Grant Dalton is in the middle of his last round-the-world race of the same style as the Volvo Ocean Race.
When he steps ashore in Kiel, Germany, in June at the end of the nine-leg race he will close the chapter on a 20-year participation in the multi-leg event.

"I won't do another race like this again. I will do another non-stop race again because I enjoyed it," said Dalton, who rejoined his Volvo yacht, Amer Sports One, in Rio de Janeiro yesterday for the start of the fifth leg this weekend.

The non-stop race, planned for 2004, is a no-holds-barred dash around the world being organised by Frenchman Bruno Trouble.

He arrranged The Race which Dalton won in his giant catamaran Club Med last year. It began on New Year's Eve 2000 and Dalton crossed the line in a record 62 days, 1450km ahead of his nearest rival.
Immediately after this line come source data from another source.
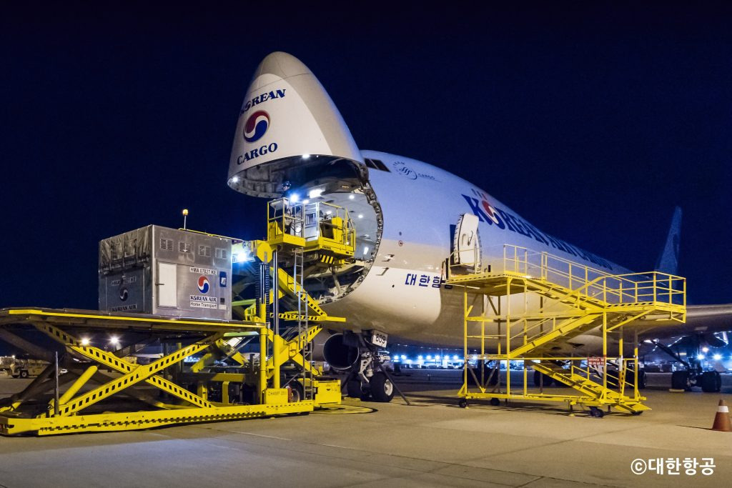 대한항공의 보잉 747-400F 화물기는 해외 도입 물자를 수송하는 데 중요한 역할을 했습니다. 이 항공기는 김해를 이륙하여 대구 기지로 향했고, 대구에서 하역된 물자는 군용 화물 팔레트에 재포장된 후, 공군 수송기 C-130에 다시 적재되었습니다. 이후, 이 물자는 서산 공군기지로 연계 수송되었습니다.
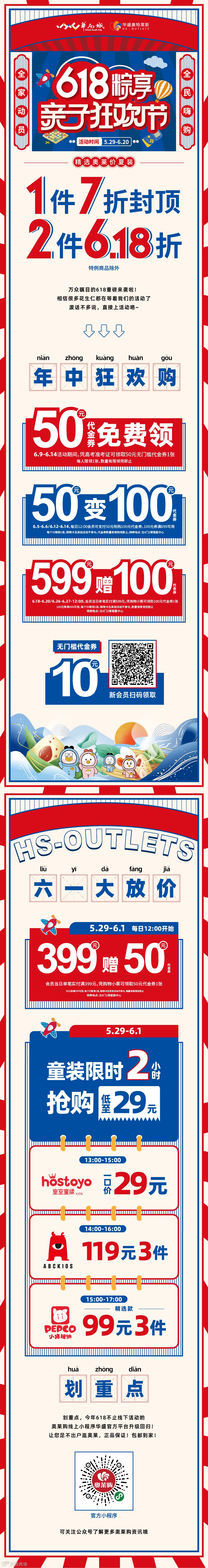 【618粽享亲子狂欢节】童装2小时限时抢~满399送50
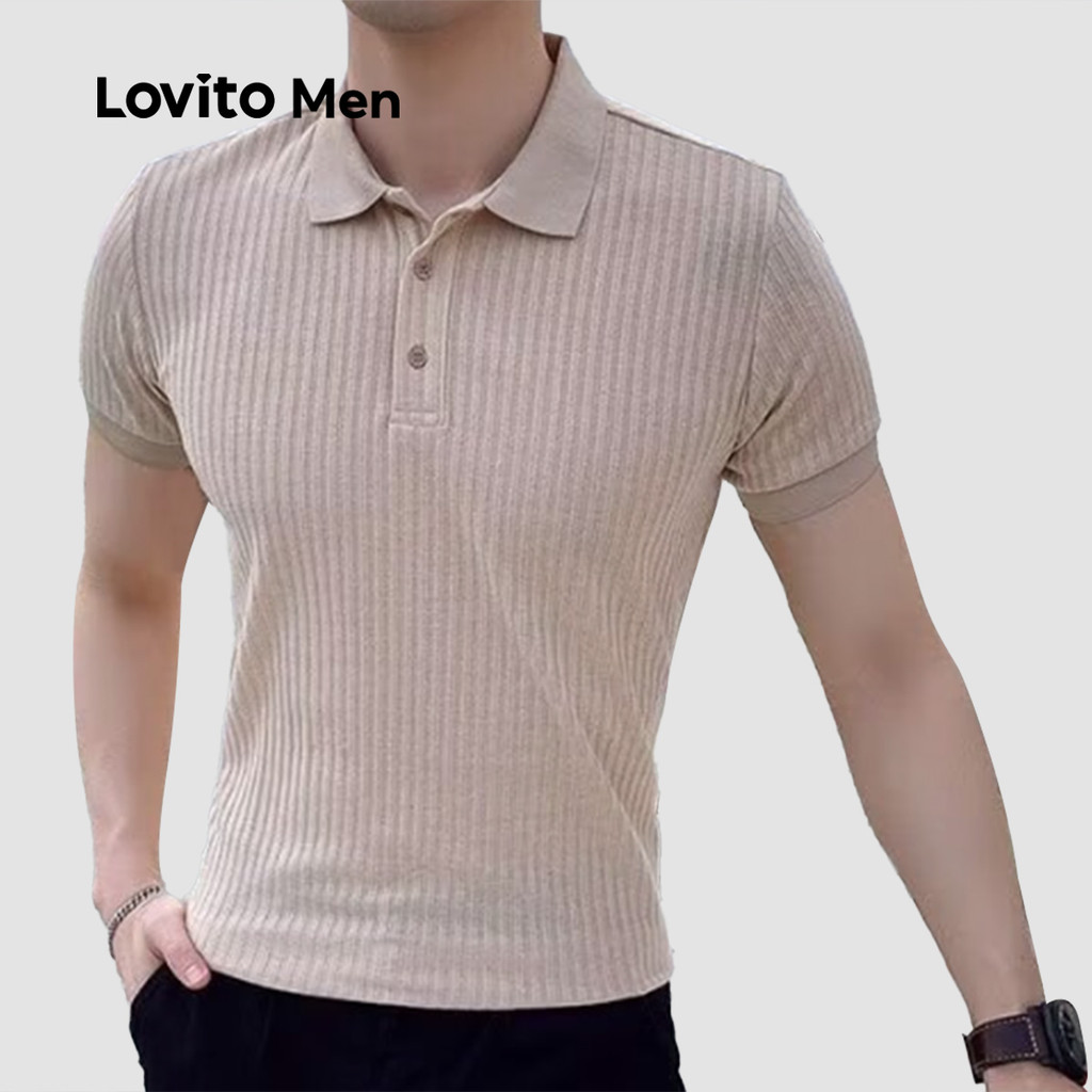 Lovito Men Camisa Polo Casual Plicated Primavera/verão Camisa Polo de Damasco para homens LNE114117
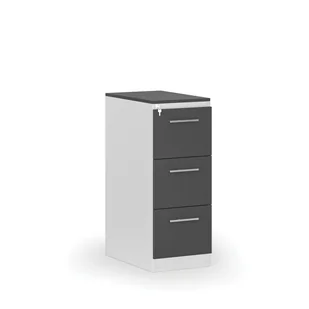 Szafa kartotekowa z blachy stalowej, front i górna płyta z płyty wiórowej laminowanej, szuflady na prowadnicach kulkowych teleskopowych z wysuwem 100%, system blokady szuflad, nośność szuflady 30 kg, zamek centralny, w stanie zdemontowanym. Ważne: Instrukcja montażu do pobrania
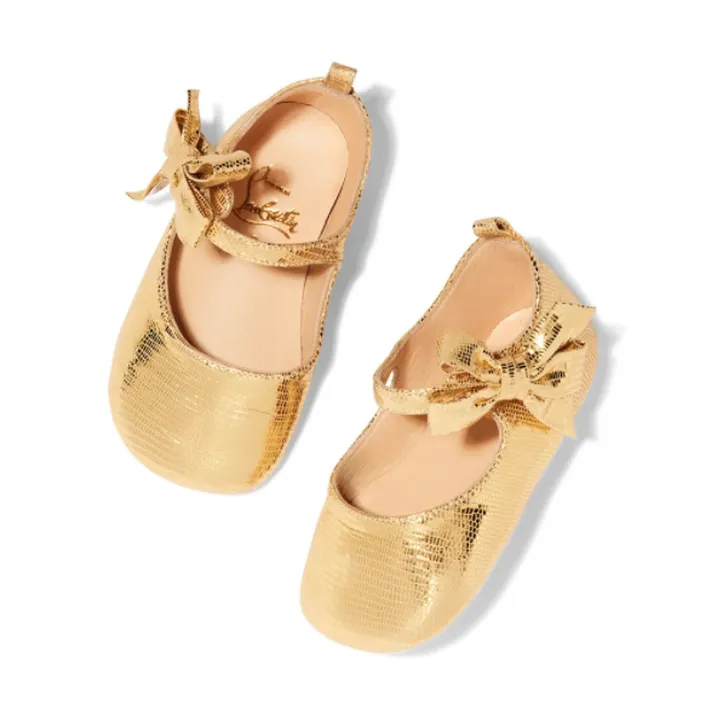De schattige schoentjes hebben de herkenbare rode zolen en uiteraard een bizar hoge prijs: ze kosten 250 dollar per paar. Jammer genoeg komen de schoentjes net iets te laat voor de nu 11-jarige Suri Cruise, (dochter van acteurs Tom Cruise en Katie Holmes). Zij kwam volop in het nieuws, omdat ze op vijfjarige leeftijd een schoenencollectie ter waarde van 150.000 dollar zou hebben (inclusief op maat gemaakte schoenen van Marc Jacobs).
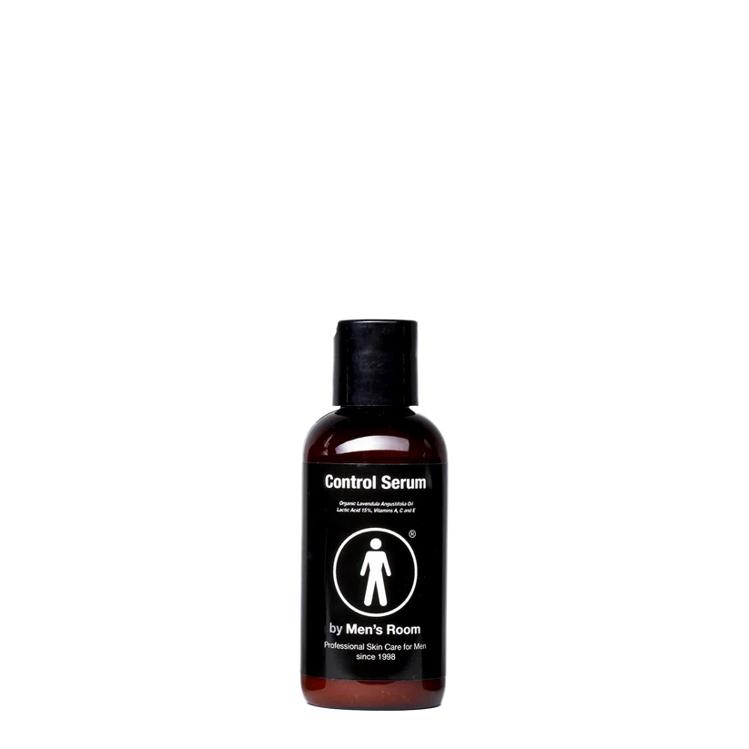 Control Serum by Mens Room er unik til hjemmebrug, både eksfoliering og problembehandling. Serummen kræver gradvis tilvænning over 1 til 2 uger. Control Serum indeholder 15 % mælkesyre med en pH-værdi på 3,8, der laver en mild daglig peeling uden at skade hud og blodkar. Tilstopninger fjernes, så tørhed, hudorme, indgroede hår (skægpest) og akne vulgaris afhjælpes. A-, C-, E-vitamin og Q10 stimulerer til heling i synergi med mælkesyre, der er et cellesignalstof, der øger hudens egen regenerering. Vand bindes i huden, så hudens barrierefunktion optimeres. Produktet kan bruges med god effekt på alle hudens ubalancer, idet den skaber et ideelt helingsmiljø.
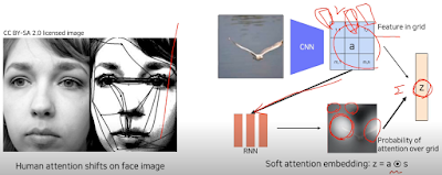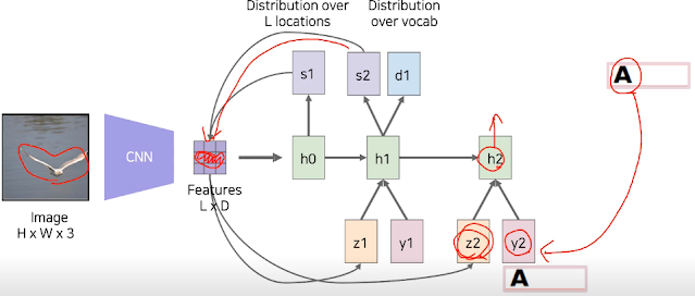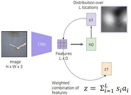 사람도 물체를 보면 전부다 훑어보는게 아니라 주요 특징들을 위주로 본다. 우리가 전 시간에 했던 작업이 이미지를 보면 물체 어디를 보는지 표현하는 heatmap이었는데 이걸 이용한다고 한다. Features in grid 안에 있는 attention들을 probability라고 생각하고 attention엔 각 위치에 집중을 할건지 안할건지가 들어있다고 함. 각 위치를 행렬곱 으로 하고 더해서 평균낸다. 그래서 Z가 나온다.

But he could not claim the official record because the race did not start and finish in the same place and did not cross an antipode - a point in the course directly opposite a point in the course on the other side of the world.

The Race yachts had few restrictions, Dalton said. "Bring your weapon, it's no-holds barred again."

He has yet to begin preparing for another non-stop race, but would need at least $US12.5 million ($30 million) for the boat and several more millions for marketing and public relations.

"I would need about $US12.5 million for my part of the business," he said. "That's a pie in the sky guess without me looking at the numbers, but it feels about right.
"We spent about $US8.5m last time and we were strapped, and technologically we weren't very advanced."

Dalton said the 2004 race, which will start and finish in the French port of Marseille, had already attracted interest.

A new boat would probably be bigger than the 33m Club Med, but it might also be smaller.

"It may be better to be smaller and use the power better," he said. "Until we start to analyse it and look at it I just have no feel for it. Maybe it's a cat, maybe it's a trimaran."

Dalton said that after the round-the-world race - his sixth - finished in June he would begin training for another ironman next year.

"That's a major commitment for a couch potato."